0

Does anyone know how to sort rows to ["D9", "D10", "E9P", "E10P"] ? I want to sort by the preceding alphabet first and then sort by number inside.

In [2]: rows
Out[2]: ['D10', 'D9', 'E9P', 'E10P']

In [3]: sorted(rows)
Out[3]: ['D10', 'D9', 'E10P', 'E9P']


1. I can sort 9 ahead of 10 like this.
In [9]: sorted(rows, key=lambda row: int(re.search('(\d+)', row, re.IGNORECASE).group(1)))
Out[9]: ['D9', 'E9P', 'D10', 'E10P']

2. This doesn't work for me
In [10]: sorted(rows, key=lambda row: (row, int(re.search('(\d+)', row, re.IGNORECASE).group(1))))
Out[10]: ['D10', 'D9', 'E10P', 'E9P']
Jon
  • 215
  • 3
  • 9
  • 1
    [natsort](https://pypi.org/project/natsort/) is good for this.
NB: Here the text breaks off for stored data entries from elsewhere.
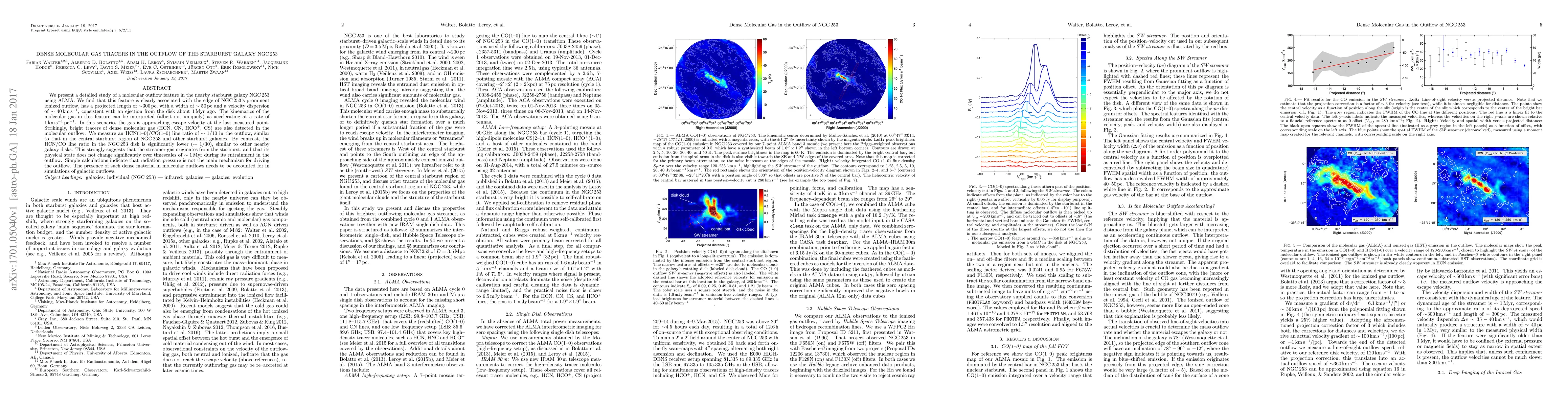This study using ALMA reveals a dense molecular gas outflow in NGC 253, tracing the edge of its ionized outflow and showing signs of acceleration towards escape velocity. Dense molecular gas tracers like HCN, CN, HCO+, and CS are found in the outflow, suggesting the gas originates from the central starburst region without significant change in its physical state.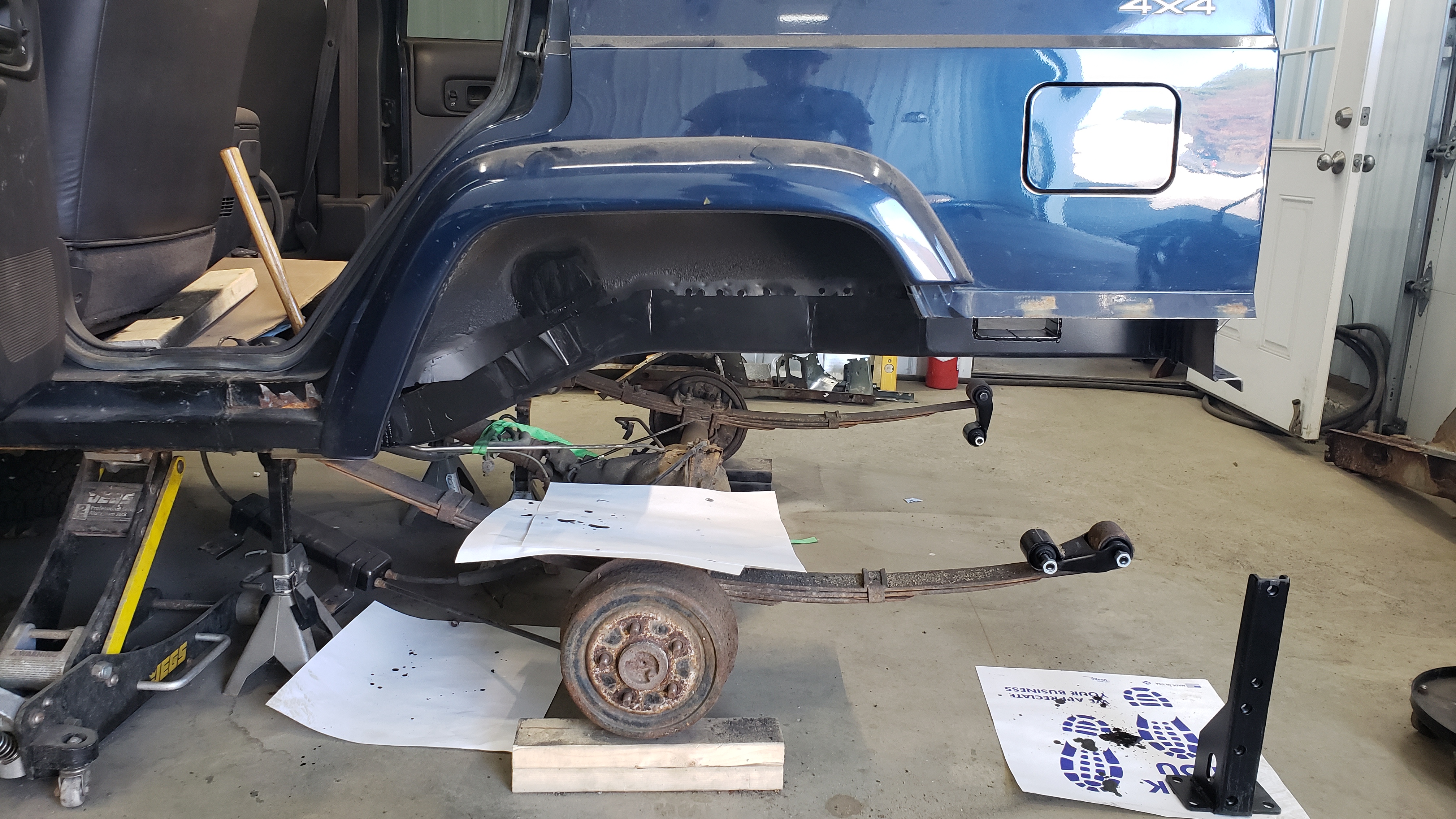 The rusted out bracket below the remnants of the shock crossmember appears to be what was once a sway bar mount. Which is a little odd because my XJ came with the Up Country package which deletes the rear sway bar.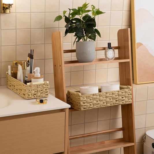 StorageWorks Large Water Hyacinth Tray for Bathroom, Wicker Storage Basket for Shelves, Handwoven Natural Hyacinth Baskets for Organizing, 2-Pack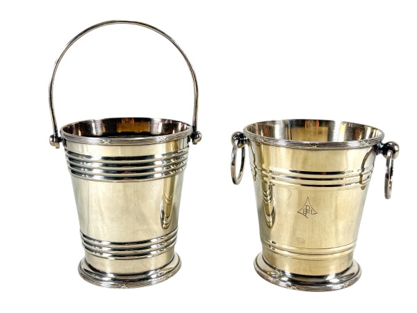 • METAL PRATEADO / FRACALANZA - (2) baldes para gelo confeccionados em metal espessurado à prata , bojos de formato cilíndrico levemente cônico, com frisos em relevo, bases alargadas e alças móveis laterais, bordas cinzeladas em caneluras e fitas cruzadas , medidas : 13 x 13 cm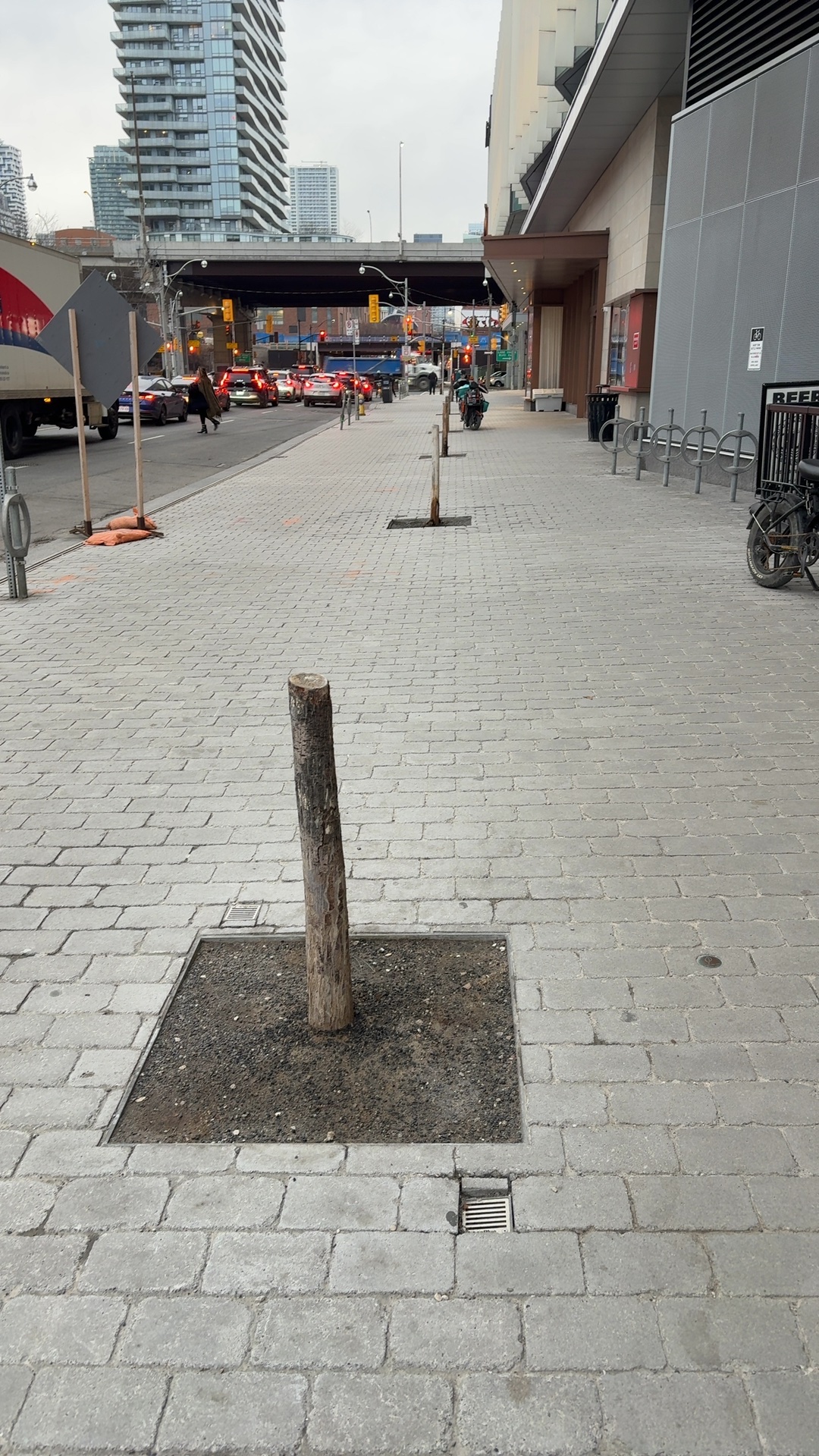 A dead tree stump approximately 4-5 feet tall is protruding from a planter bed directly in the pedestrian pathway on a high-traffic sidewalk at The Yard. The bare wooden stump with no foliage creates a tripping and collision hazard for pedestrians. The stump appears to be abandoned or neglected and requires removal or proper tree maintenance.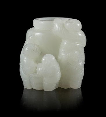 of a well polished even colored stone, of ovoid form, carved to the side in high relief depicting four boys, one climbing onto the jar and two carrying a water bucket.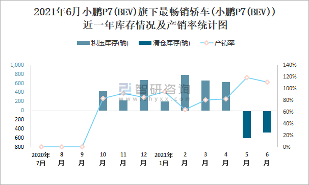 2021年6月小鵬P7(BEV)旗下最暢銷車(小鵬P7(BEV))近一年庫存情況及產銷率統計圖
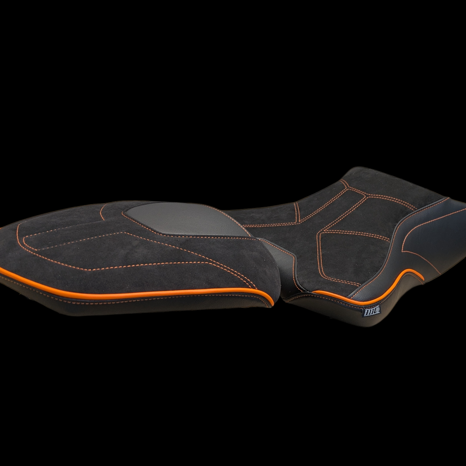Black grain leather side panel detail with Alcantara seat panels, Orange CORE panel pattern, orange piping and KTM logo

Here is a [SO](https://stackoverflow.com/questions/4836710/does-python-have-a-built-in-function-for-string-natural-sort) about this – han solo Oct 04 '19 at 18:14

3 Answers3

1

This will take any amount of characters at the front, and any amount of numbers after that.

def key(x):
    alpha, num_str = re.match(r'([A-Z]+)(\d+)', x).groups()
    num = int(num_str)
    return (alpha, num)

>>> sorted(["AC40", "AB55", "D9", "D10", "E9P", "E10P"], key=key)
['AB55', 'AC40', 'D9', 'D10', 'E9P', 'E10P']
Evan
  • 2,120
  • 1
  • 15
  • 20
0

Extending what you already have, you could use row[0] instead of row as your primary sort key;

In [8]: sorted(rows, key=lambda row: (row[0], int(re.search('(\d+)', row, re.IGNORECASE).group(1))))
Out[8]: ['D9', 'D10', 'E9P', 'E10P']
fuglede
  • 17,388
  • 2
  • 54
  • 99
  • This could fail to work if there are multiple letters before the first number, since this only looks at the first letter. – SyntaxVoid Oct 04 '19 at 18:19
  • Thanks alot, fuglede SyntaxVoid, Thank you, too. I will play around this more. – Jon Oct 04 '19 at 18:21
0

You could do:

lst = ["D9", "D10", "E9P", "E10P"]

def keys(val):
    first = val[0]
    number = int(''.join(filter(str.isdigit, val)))
    return first,  number 

result = sorted(lst, key=keys)
print(result)

Output

['D9', 'D10', 'E9P', 'E10P']

Or if you want to use regex:

def keys(val):
    first = val[0]
    number = int(re.search('\d+', val).group())
    return first, number

Or also using regex:

def keys(val):
    alpha, digits = re.search('^([^\d]+)(\d+)', val).groups()
    return alpha, int(digits)

This last function has the advantage it accommodates multiple non-digits characters at the beginning of the string.

Dani Mesejo
  • 61,499
  • 6
  • 49
  • 76